:: TASK TO COMPLETE ::
While leaving the pictures out, set down only the lines from the one with "Naše zarade iznose" through the end of the records, exactly as they stand.

:: AVAILABLE RECORDS ::
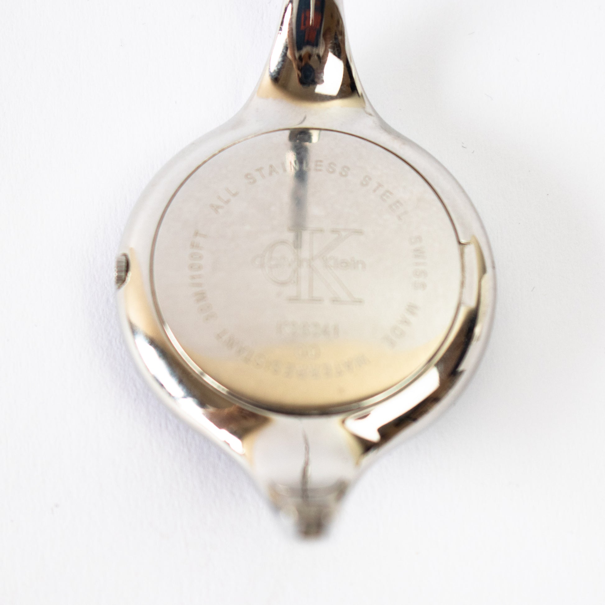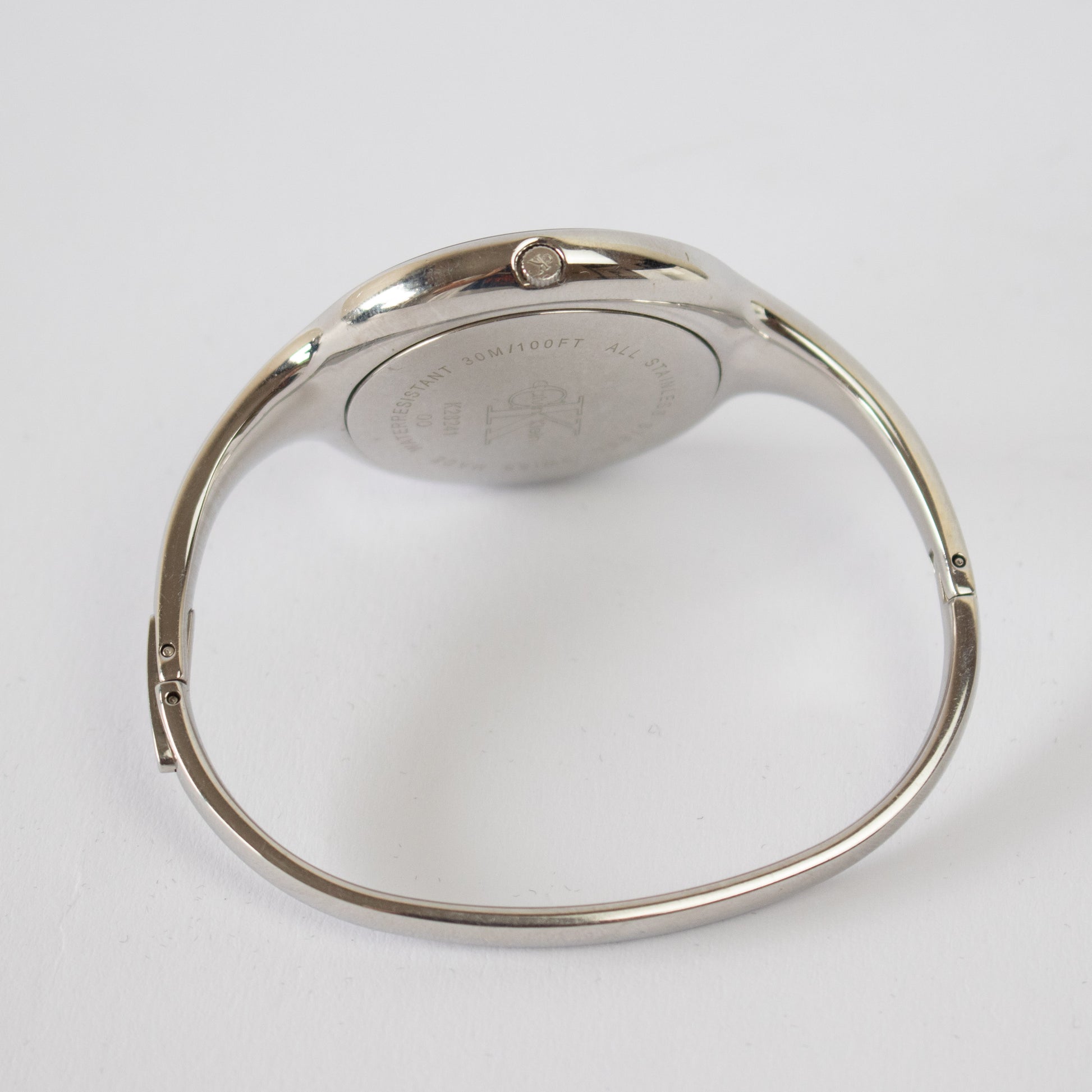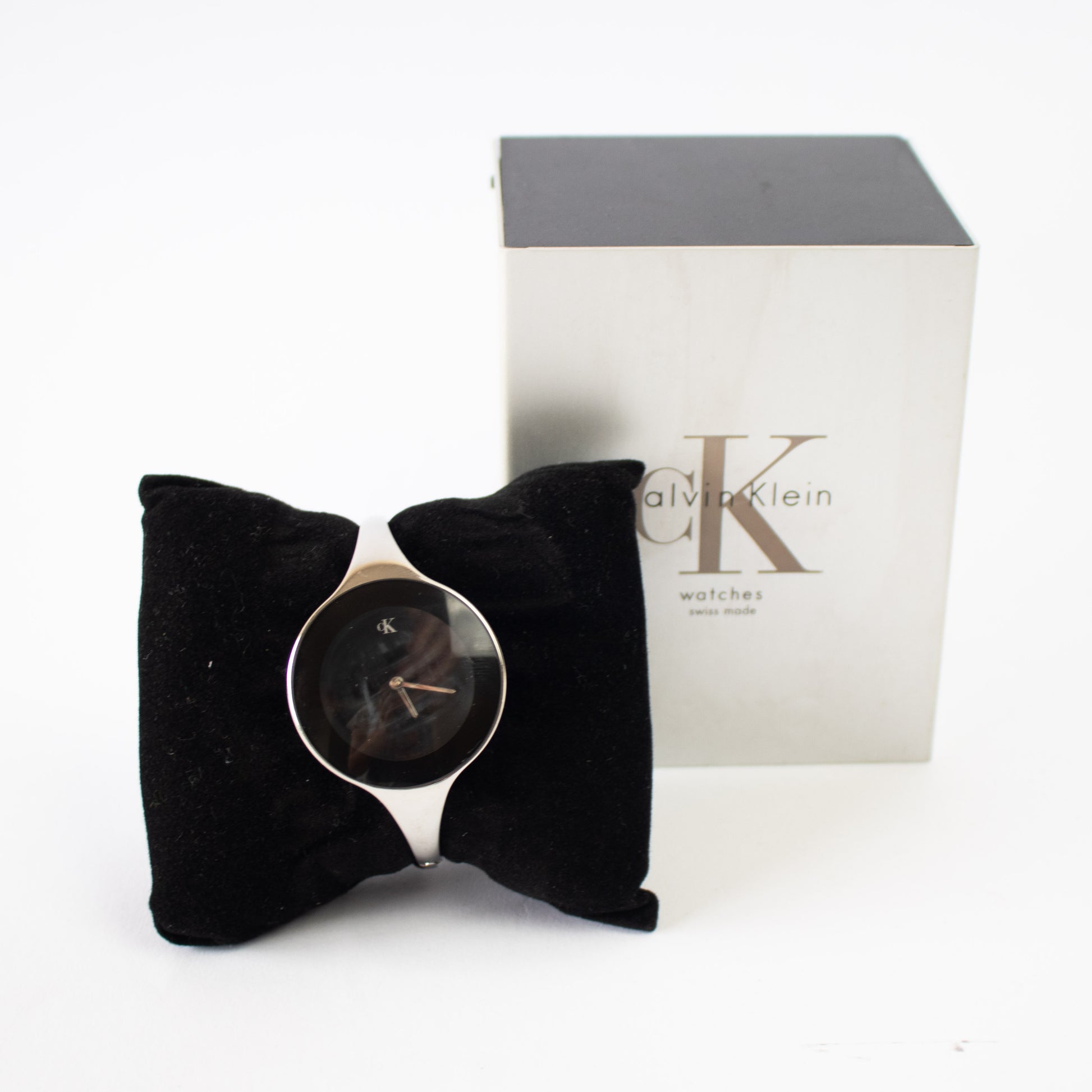 Relógio analógico de estilo característico e único. Bracelete fina e elegante em aço em tom prateado. Mostrador em tom preto e vidro mineral. Caixa original incluída.
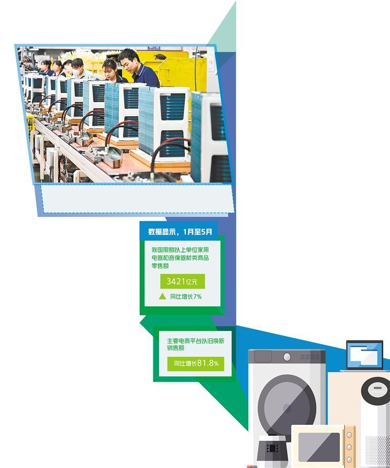 數(shù)據(jù)顯示,1月至5月,我國限額以上單位家用電器和音像器材類商品零售額3421億元,同比增長7%;主要電商平臺以舊換新銷售額同比增長81.8%。
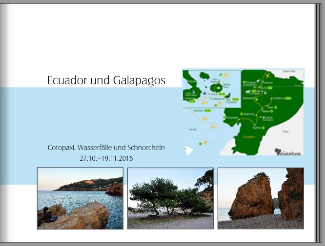 die Grundidee deiner ersten Seite ist schön. Ich kann sie mir sowohl mit als auch ohne Fotos vorstellen. Ich habe einige Varianten ausprobiert, die vielleicht eine Anregung für dich sind. Den blauen Streifen bzw. ein blaues Feld habe ich beibehalten. Die Schrift habe ich ausgetauscht und eine "leichtere" gewählt. Schau mal, wie es dir gefällt. Für deine Titelseite habe ich auch noch einen Vorschlag. Wie findest du diese etwas lockerere Gestaltung? Mir gefällt sie mit dem blauen Feld gut, ich könnte sie mir aber auch ohne vorstellen. Ich frage mich, ob die gewählten Fotos das zeigen, was Ecuador und Galapagos für dich ausmachen? Oder gäbe es (für Ecuador) ein treffenderes? liebe Grüße
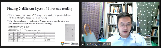 来自香港大学的戴忠沛助理教授以“The mid-eighteenth century imperial glossaries in Zhuang character script: with a focus on the Glossary of Zhen’an Native Chieftain in Guangxi”为题进行分享,介绍了壮族语言文字的概况,详细讲述乾隆年间《镇安府译语》里方块壮字语音和文字反映出来来的语音层次、文化层次的差异。
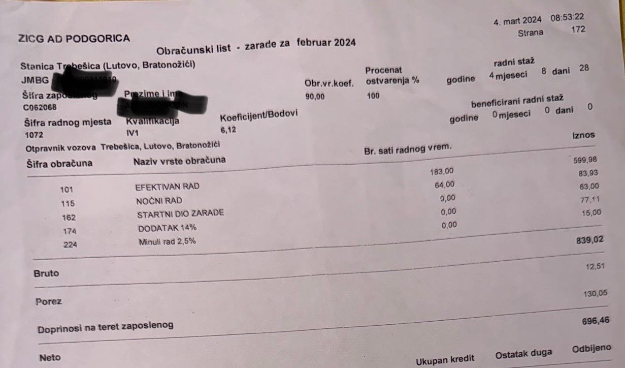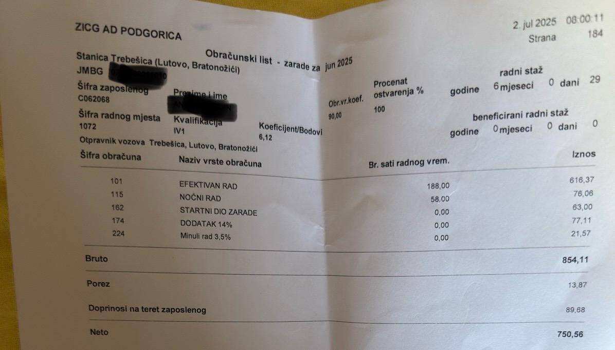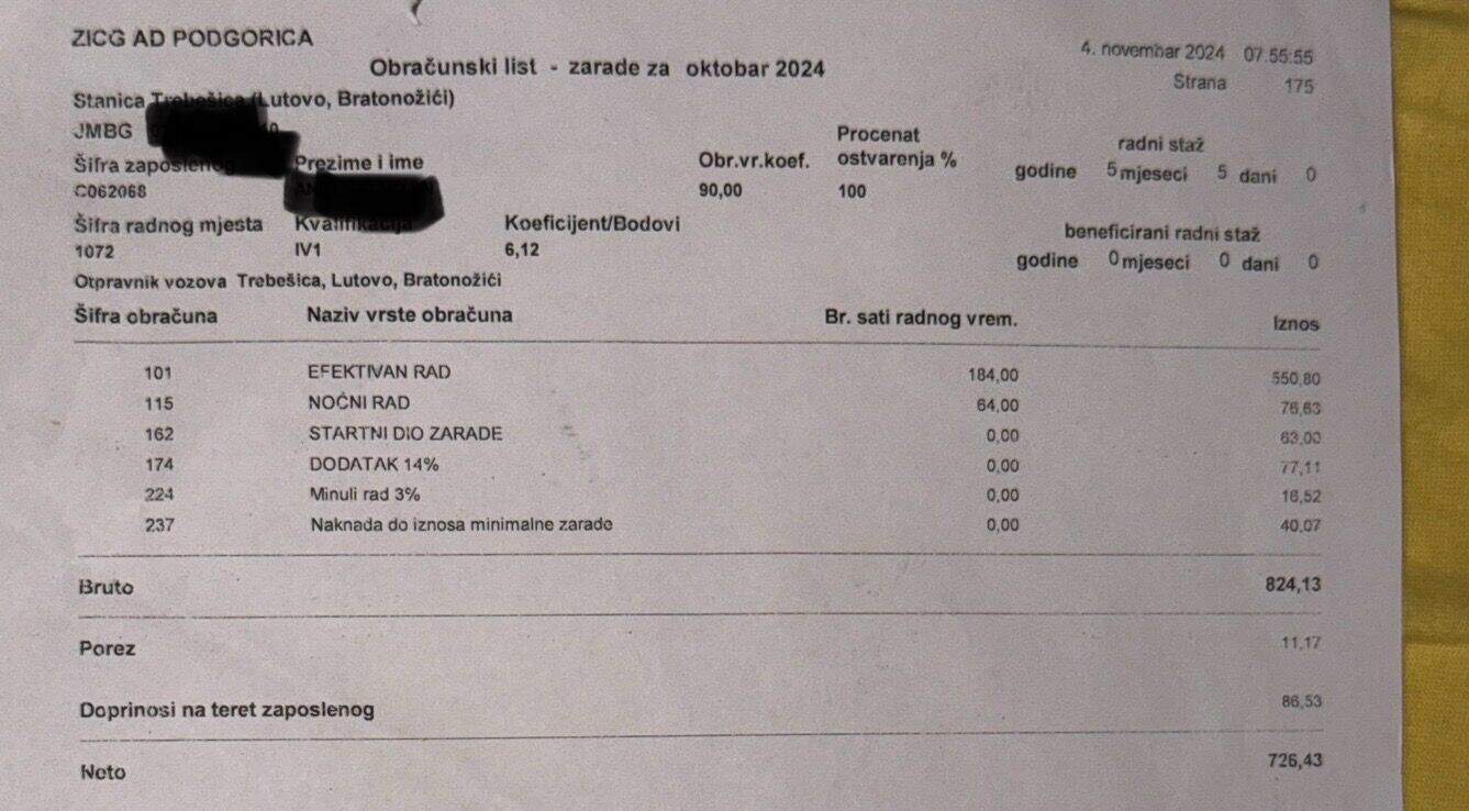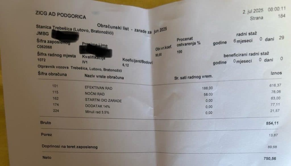 Naše zarade iznose svega 680 do 800 €, i to sa uključenim noćnim radom i 35 godina staža. To su najniže zarade u Crnoj Gori, iako upravo mi snosimo ključnu ulogu u odvijanju i bezbjednosti željezničkog saobraćaja. Dostavljamo platne liste cjelokupnoj javnosti Crne Gore kao dokaz, a ne prazne riječi.
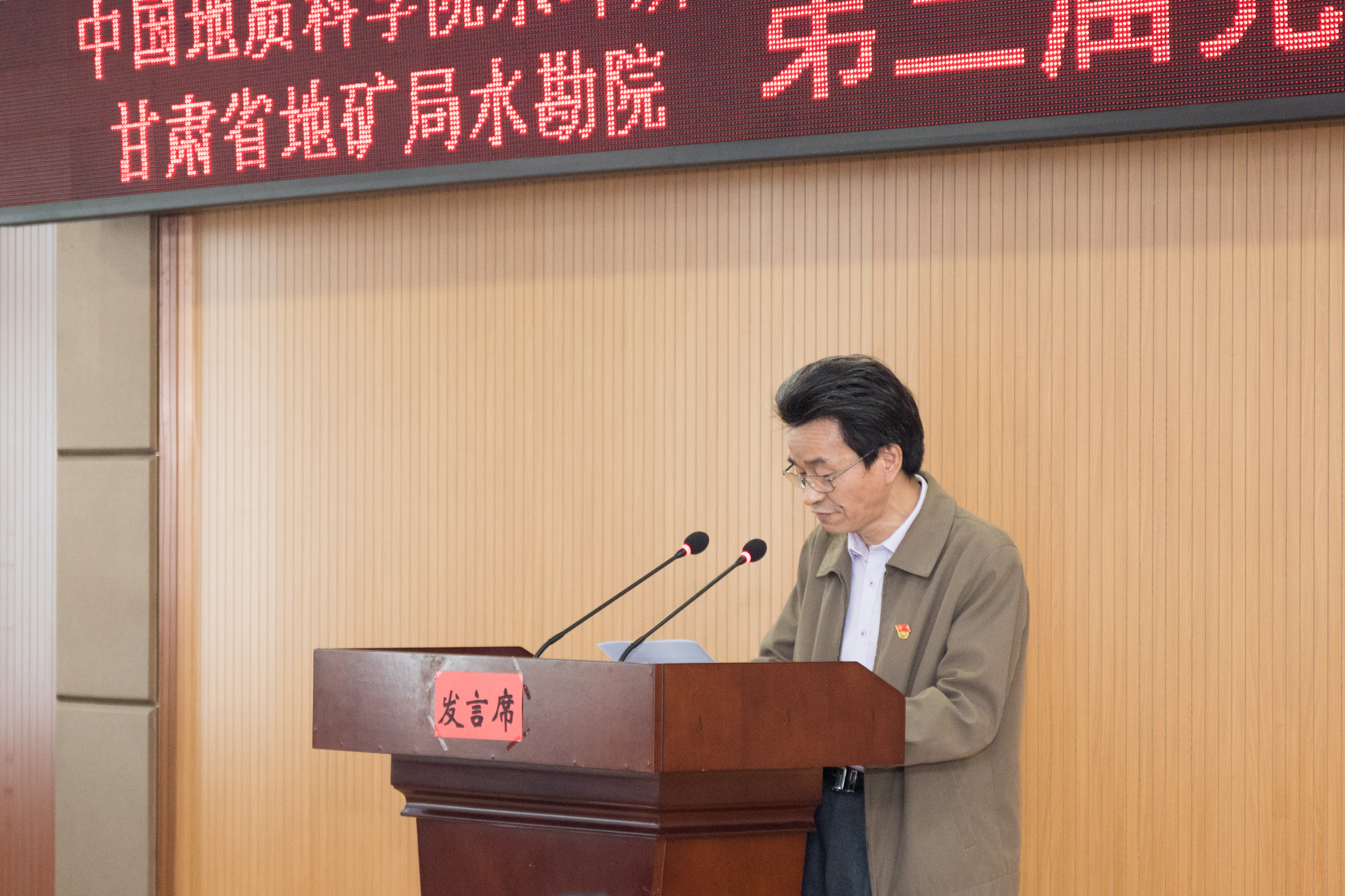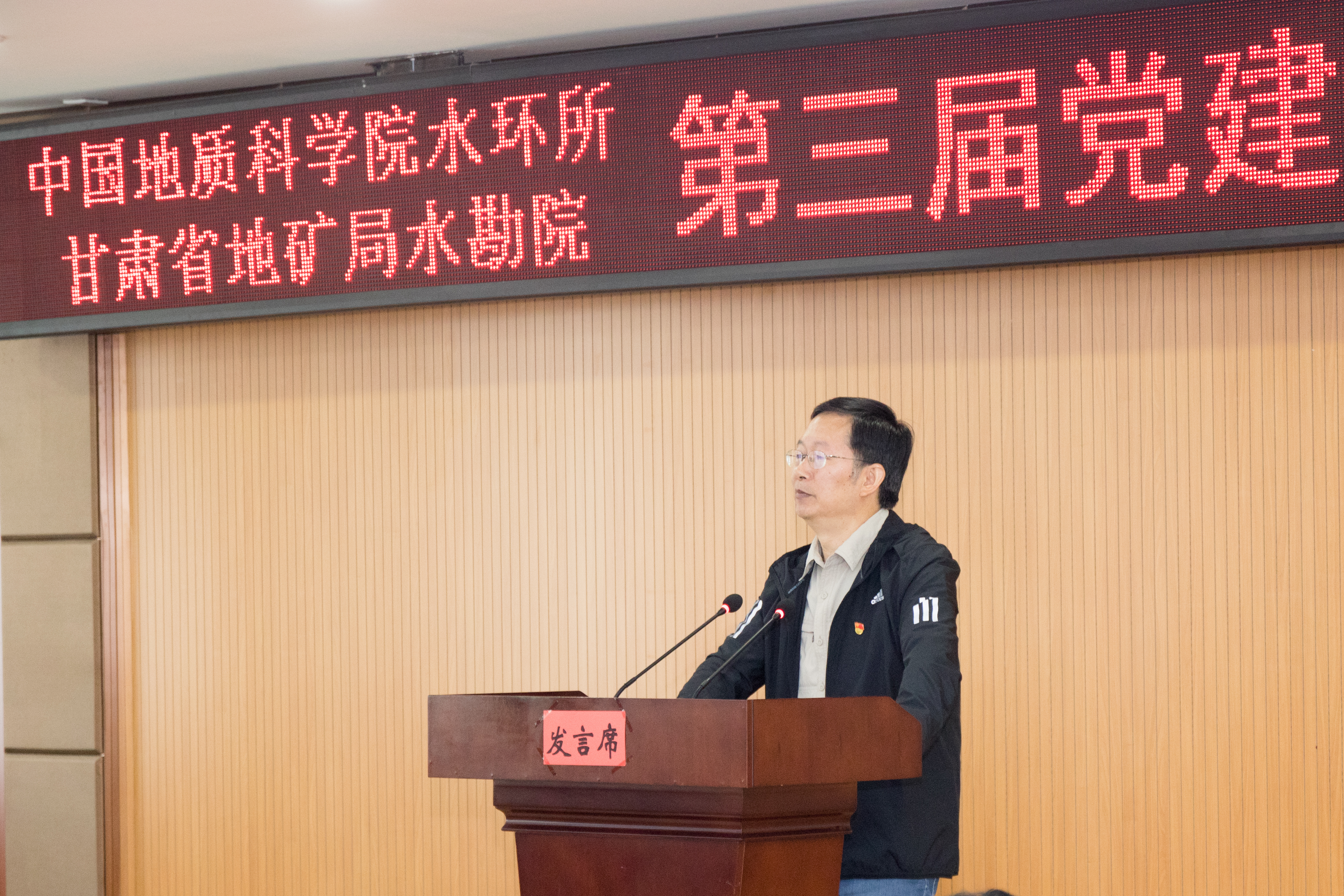 石建省在致辞时指出,水环所与甘肃省水勘院有多年很好的合作基础,在长期的合作过程中,优势互补、共同进步,携手做出了许多有影响的重大成果。2016年共建以来,双方以党建和精神文明建设为平台,以共商、共建、共享、共赢为宗旨,以西部生态脆弱区生态文明建设为重点,开展扎实共建,成果十分喜人。当前,我国地质工作正经历大变革、大调整,地质工作正从以支撑服务矿产资源管理为主向以支撑服务包括矿产资源在内的自然资源管理转变,这些对水工环地质工作提出新的更高要求,双方合作空间潜力巨大,携手推进西北地区生态文明建设大有可为、大有作为。下一步,我们要在专家经常互访、项目联合申报、人才联合培养、技术联合攻关、成果相互分享、党建和管理相互借鉴等方面进一步深化合作,全力以赴为落实全面从严治党向基层延伸要求、打造央地地质合作新典范做出新的更大的贡献!

:: REPLY ::
 Naše zarade iznose svega 680 do 800 €, i to sa uključenim noćnim radom i 35 godina staža. To su najniže zarade u Crnoj Gori, iako upravo mi snosimo ključnu ulogu u odvijanju i bezbjednosti željezničkog saobraćaja. Dostavljamo platne liste cjelokupnoj javnosti Crne Gore kao dokaz, a ne prazne riječi.
 石建省在致辞时指出,水环所与甘肃省水勘院有多年很好的合作基础,在长期的合作过程中,优势互补、共同进步,携手做出了许多有影响的重大成果。2016年共建以来,双方以党建和精神文明建设为平台,以共商、共建、共享、共赢为宗旨,以西部生态脆弱区生态文明建设为重点,开展扎实共建,成果十分喜人。当前,我国地质工作正经历大变革、大调整,地质工作正从以支撑服务矿产资源管理为主向以支撑服务包括矿产资源在内的自然资源管理转变,这些对水工环地质工作提出新的更高要求,双方合作空间潜力巨大,携手推进西北地区生态文明建设大有可为、大有作为。下一步,我们要在专家经常互访、项目联合申报、人才联合培养、技术联合攻关、成果相互分享、党建和管理相互借鉴等方面进一步深化合作,全力以赴为落实全面从严治党向基层延伸要求、打造央地地质合作新典范做出新的更大的贡献!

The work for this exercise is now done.